Finally, create the index and store it in $index. If the directory of the index already exists, you won't need to create a new one; otherwise, you create a new index (as specified by $newIndex). Then, add the search item ($doc) created earlier to the index and commit it, saving the changes to the index.

You now have the means to create and add items to your index. Next, go to the spot in your code where you'll call this function.

Adding entries to the index

Now that you've created the addEntryToSearchIndex function, you can begin adding items to search to your index. Go to the saveEntryAction method in the FeedController class and add the code in Listing 2.

Listing 2. Adding items to your index
...
                echo 'Error occurred, full text not saved,'.
                     ' please reload.';
                return;
            }
        }

        addEntryToSearchIndex($channelLink,
                              Zend_Filter::noTags($fullText),
                              $feedTitle,
                              $channelTitle);

        $db = Zend_Registry::get('db');
...

Here, you simply call your new method, passing in the URL ($channelLink), the description or full text of the entry. You pass the $fullText string to the Zend_Filter::noTags method so all HTML tags will be removed (no need to index those). You also pass in the name of the feed ($feedTitle) and the article title ($channelTitle). Note that every time a feed is saved to your index, no matter whom it is, that feed will be saved in your index. Another possible task you can explore is to make sure no duplicate entries get added.

That completes this section. Now go add something to your index by saving a feed entry, as done in Part 5. In the next section, you'll start using your index in new actions you'll create in the FeedController class.

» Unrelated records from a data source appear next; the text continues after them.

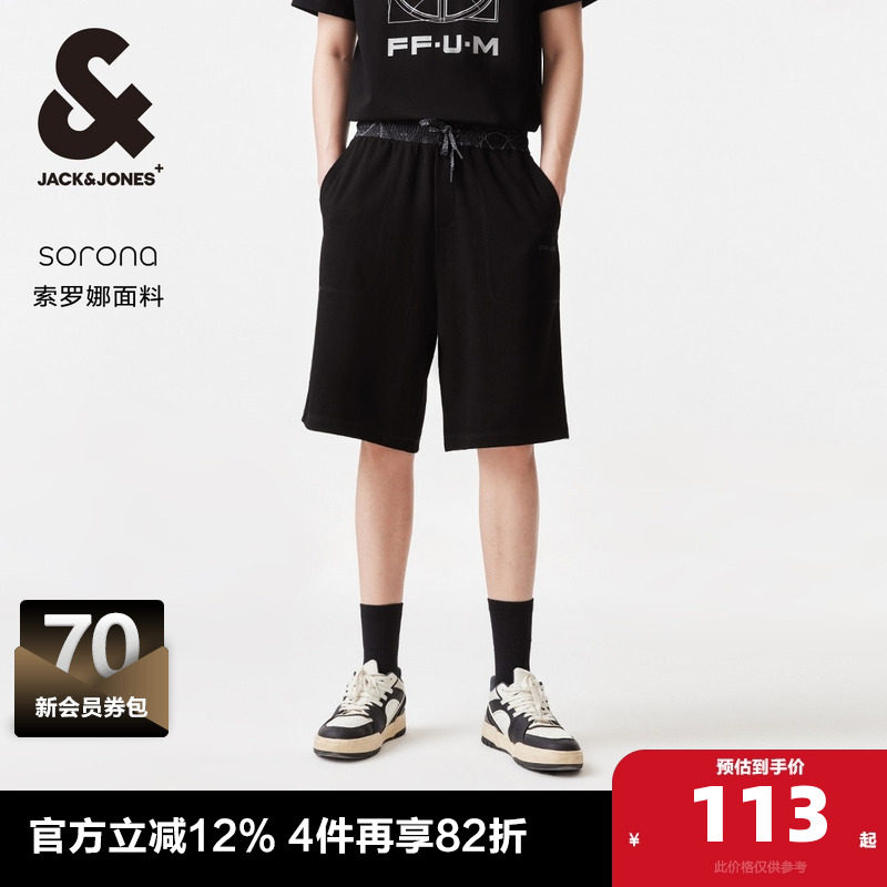 杰克琼斯夏季新款男士字母刺绣腰果花休闲裤运动短裤男款男裤男装
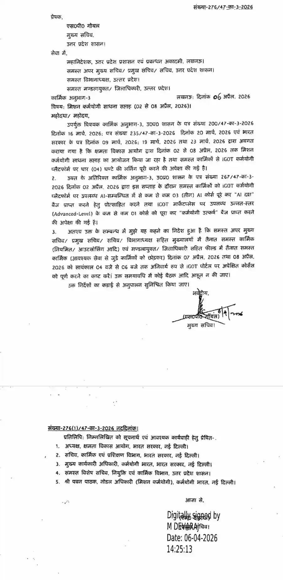 यूपी के सरकारी कर्मचारियों के लिए iGOT प्लेटफॉर्म पर 4 घंटे की लर्निंग के साथ AI कोर्स करना अनिवार्य; देखें मुख्य सचिव का आदेश
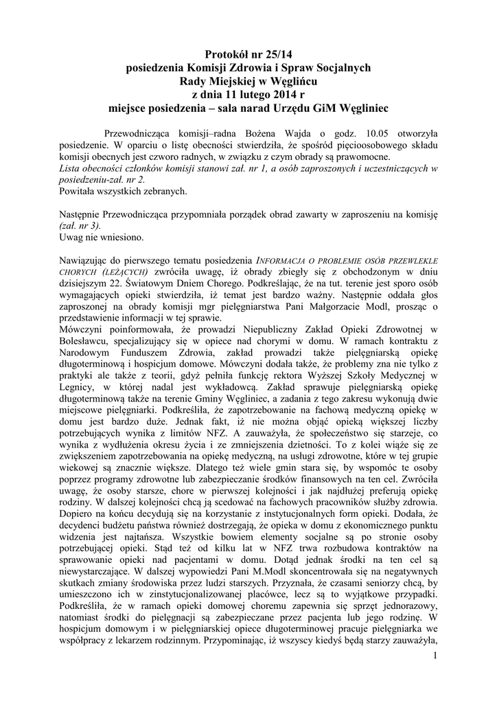 Protokół nr 25/14 posiedzenia Komisji Zdrowia i Spraw Socjalnych Rady Miejskiej w Węglińcu z dnia 11 lutego 2014 r miejsce posiedzenia – sala narad Urzędu GiM Węgliniec Przewodnicząca komisji–radna Bożena Wajda o godz. 10.05 otworzyła posiedzenie. W oparciu o listę obecności stwierdziła, że spośród pięcioosobowego składu komisji obecnych jest czworo radnych, w związku z czym obrady są prawomocne. Lista obecności członków komisji stanowi zał. nr 1, a osób zaproszonych i uczestniczących w posiedzeniu-zał. nr 2. Powitała wszystkich zebranych. Następnie Przewodnicząca przypomniała porządek obrad zawarty w zaproszeniu na komisję (zał. nr 3). Uwag nie wniesiono. Nawiązując do pierwszego tematu posiedzenia INFORMACJA O PROBLEMIE OSÓB PRZEWLEKLE CHORYCH (LEŻĄCYCH) zwróciła uwagę, iż obrady zbiegły się z obchodzonym w dniu dzisiejszym 22. Światowym Dniem Chorego. Podkreślając, że na tut. terenie jest sporo osób wymagających opieki stwierdziła, iż temat jest bardzo ważny. Następnie oddała głos zaproszonej na obrady komisji mgr pielęgniarstwa Pani Małgorzacie Modl, prosząc o przedstawienie informacji w tej sprawie. Mówczyni poinformowała, że prowadzi Niepubliczny Zakład Opieki Zdrowotnej w Bolesławcu, specjalizujący się w opiece nad chorymi w domu. W ramach kontraktu z Narodowym Funduszem Zdrowia, zakład prowadzi także pielęgniarską opiekę długoterminową i hospicjum domowe. Mówczyni dodała także, że problemy zna nie tylko z praktyki ale także z teorii, gdyż pełniła funkcję rektora Wyższej Szkoły Medycznej w Legnicy, w której nadal jest wykładowcą. Zakład sprawuje pielęgniarską opiekę długoterminową także na terenie Gminy Węgliniec, a zadania z tego zakresu wykonują dwie miejscowe pielęgniarki. Podkreśliła, że zapotrzebowanie na fachową medyczną opiekę w domu jest bardzo duże. Jednak fakt, iż nie można objąć opieką większej liczby potrzebujących wynika z limitów NFZ. A zauważyła, że społeczeństwo się starzeje, co wynika z wydłużenia okresu życia i ze zmniejszenia dzietności. To z kolei wiąże się ze zwiększeniem zapotrzebowania na opiekę medyczną, na usługi zdrowotne, które w tej grupie wiekowej są znacznie większe. Dlatego też wiele gmin stara się, by wspomóc te osoby poprzez programy zdrowotne lub zabezpieczanie środków finansowych na ten cel. Zwróciła uwagę, że osoby starsze, chore w pierwszej kolejności i jak najdłużej preferują opiekę rodziny. W dalszej kolejności chcą ją scedować na fachowych pracowników służby zdrowia. Dopiero na końcu decydują się na korzystanie z instytucjonalnych form opieki. Dodała, że decydenci budżetu państwa również dostrzegają, że opieka w domu z ekonomicznego punktu widzenia jest najtańsza. Wszystkie bowiem elementy socjalne są po stronie osoby potrzebującej opieki. Stąd też od kilku lat w NFZ trwa rozbudowa kontraktów na sprawowanie opieki nad pacjentami w domu. Dotąd jednak środki na ten cel są niewystarczające. W dalszej wypowiedzi Pani M.Modl skoncentrowała się na negatywnych skutkach zmiany środowiska przez ludzi starszych. Przyznała, że czasami seniorzy chcą, by umieszczono ich w zinstytucjonalizowanej placówce, lecz są to wyjątkowe przypadki. Podkreśliła, że w ramach opieki domowej choremu zapewnia się sprzęt jednorazowy, natomiast środki do pielęgnacji są zabezpieczane przez pacjenta lub jego rodzinę. W hospicjum domowym i w pielęgniarskiej opiece długoterminowej pracuje pielęgniarka we współpracy z lekarzem rodzinnym. Przypominając, iż wszyscy kiedyś będą starzy zauważyła, 1 że wypracowanie pełnych form opieki będzie skutkowało w przyszłości. A z czasem formy te będą tylko doskonalone. Odpowiadając na pytania wyjaśniła także, że podstawą objęcia pacjenta opieką długoterminową jest skierowanie. Skierowanie takie wystawia lekarz rodzinny bądź oddział szpitalny. Oprócz skierowania niezbędna jest także ocena sprawności chorego określana w skali Barthel. Pacjenci, którzy uzyskali 40 i mniej punktów kierowani są do objęcia omawianą opieką. Zwróciła przy tym uwagę na trudność sytuacji związanych z odmowami objęcia opieką potrzebującego, wynikającymi z niefinansowaniem przez NFZ nadwykonań. Dodała, że chodzi więc o uzmysławianie, że każda pomoc i środki na ten cel dla osób potrzebujących są wybawieniem z ich trudnej sytuacji. Wyjaśniła również, że za pielęgniarską opiekę długoterminową pacjenci nie płacą chyba, że sprawa dotyczy prywatnego zlecenia. Natomiast w ramach NFZ opieką objętych jest tylu pacjentów za ilu płaci Fundusz. Wyjaśniła także, że zakład, który reprezentuje obejmuje działalnością pielęgniarskiej opieki cały teren powiatu zgorzeleckiego. Natomiast hospicjum domowe ma nieokreślony zasięg. Odpowiadając dalej na pytania, przedstawiła stawki NFZ za każdy dzień objęcia pacjenta opieką (28 zł, w tym: pobyt pielęgniarki u chorego minimum 4 x w tygodniu, a w razie gdy stan pacjenta tego wymaga-7 x w tygodniu). W przypadku zlecenia usług specjalistycznych przez jeden z MOPS-ów jest to stawka na poziomie 15-18 zł. Z kolei w przypadku hospicjum domowego jest to 47 zł (obecność lekarza minimum 2 x w miesiącu, pielęgniarka minimum 2 x w tygodniu, rehabilitant zgodnie ze zleceniem lekarza, psycholog wg uznania rodziny). Burmistrz Gminy i Miasta – Andrzej Kutrowski zwrócił się z pytaniem do Kierownika Miejsko-Gminnego Ośrodka Pomocy Społecznej o to, ile osób z tut. terenu nie korzysta z żadnej z omawianych form opieki, a wskazane byłoby objęcie ich taką opieką. Kierownik Grażyna Sroka stwierdziła, że sprawa wymaga zdiagnozowania. A zwracając się do gościa Kierownik pytała, czy reprezentowana przez Panią Modl jednostka świadczy także usługi nad pacjentami z chorobami psychicznymi. Po uzyskaniu potwierdzenia, zwróciła uwagę, że w przypadk

Adding new search actions to the FeedController

So you have an index. Now it's time to use it. This section creates two new action methods: searchAction and viewSearchResultsAction. The first causes a search page to display to a user, and the second performs the search, based on parameters it receives from the first, and displays the results back to the user.

searchAction method

Here, you add the searchAction method to the FeedController class, which displays the searchResults view to the user. Do so, as shown in Listing 3.

Listing 3. The searchAction method
    public function searchAction()
    {
        $view = Zend_Registry::get('view');
        $view->title = "Search Results";
        echo $view->render('searchResults.php');
    }

This simply takes the $view object out of the Zend registry, as you've done in previous parts of this series, and displays it to the user. Next, add a link to the main page that will take you to this part of your feed reader.


Adding a link for searching to the main page

You don't yet have a way to reach the /feed/search area of your feed reader, do you? Add the following link, as shown in Listing 4, to the viewFeeds view in viewFeeds.php.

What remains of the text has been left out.